The effects of positive- and negative peer modelling on children's consumption of a novel blue food, presented in each of four snack meals during an "activity" day, were evaluated. It was predicted that: (i) novel food consumption would increase after positive modelling, but decrease after negative modelling; (ii) modelling effects would generalise to a second novel blue food when participants were alone when they ate their snack; (iii) that positive modelling would reverse the effects of negative modelling.

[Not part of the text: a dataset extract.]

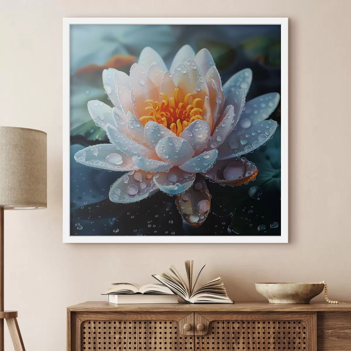 Poster Lotusbloem met dauwdruppels Nr f41433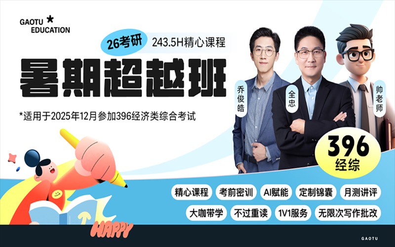 本课程适用于 2025 年 12 月参加 396 经济类综合考试的考生,以 “超越常规备考” 为核心,通过 243.5H 精心课程、大咖师资团队、定制化服务及 AI 技术赋能,助力考生冲刺高分、实现名校目标。

A mixed design was employed with random assignment to either Groups A, B, or C (equal numbers of males and females per group). Within groups, each participant received the novel food on four snack occasions. Group A received positive modelling of blue food consumption on the first and third occasions, but were alone when they received the foods on the second and fourth occasions; Group B had negative modelling on the first occasion, positive modelling on the third, and ate alone on the second and fourth; Group C ate alone on all four occasions. To measure generalisation, an additional blue food was presented in all second and fourth "alone" occasions.


Thirty-five 5-7-year olds took part in Study 1, and 44 3-4-year olds in Study 2.


All main predictions were confirmed except that positive peer modelling did not reverse the effects of negative modelling in the 3-4-year olds.


Negative peer modelling inhibits novel food consumption, and its effects are particularly difficult to reverse in younger children.